Contemporary systems instantiate this paradigm across speech-to-speech language modeling (e.g., SALM-Duplex (Hu et al., 21 May 2025)), multi-channel multimodal frameworks (e.g., MiniCPM-o 4.5 (Cui et al., 30 Apr 2026), DuplexOmni (Huang et al., 8 Jun 2026)), as well as multi-agent environments in communications (e.g., MIMO two-way interference alignment (Fouladgar et al., 2015)). Key challenges include aligning input and output streams that differ in sequence length and semantics; ensuring timely, semantically-tight agent responses (pause, barge-in, backchannel); minimizing latency; and maintaining model fluency and dialogue safety.

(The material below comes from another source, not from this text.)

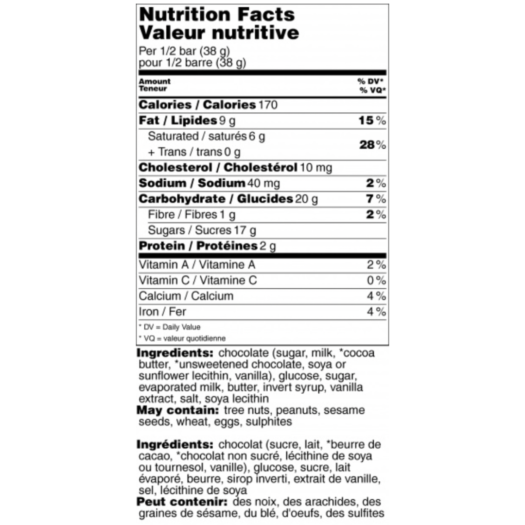 Taking the silky goodness of Rogers' Milk Chocolate Butter Caramel pieces and putting them into a bar for all the fans who demanded more. A signature to the Gourmet Chocolate Bar line.

Duplex alignment unifies approaches from autoregressive token synchronization, preference-based objective shaping, explicitly supervised temporal coupling, and RL-based behavioral refinement, all of which are aimed at optimizing both content and interaction-level metrics over continuous, streaming exchanges (Wu et al., 26 Jun 2025, He et al., 17 May 2026, Ohashi et al., 9 Jun 2026).

2. Architectural Mechanisms for Duplex Alignment

2.1 Dual-Stream and Multi-Channel Backbones

Modern duplex models ingest two or more continuous streams:

User input: Causal embeddings or tokens generated from streaming encoders (e.g., FastConformer-CTC in SALM-Duplex (Hu et al., 21 May 2025), Whisper-derived ASR in MiniCPM-o 4.5 (Cui et al., 30 Apr 2026)).
Agent output: Discrete tokens (text, audio codec codes, or multimodal representations) generated via neural audio codecs (e.g., NanoCodec), TTS heads, or multi-modal decoders.
Additional channels: Action or tool channels for in-conversation planning or real-time tool invocation (e.g., action channel in DuplexSLA (Zhang et al., 20 May 2026)).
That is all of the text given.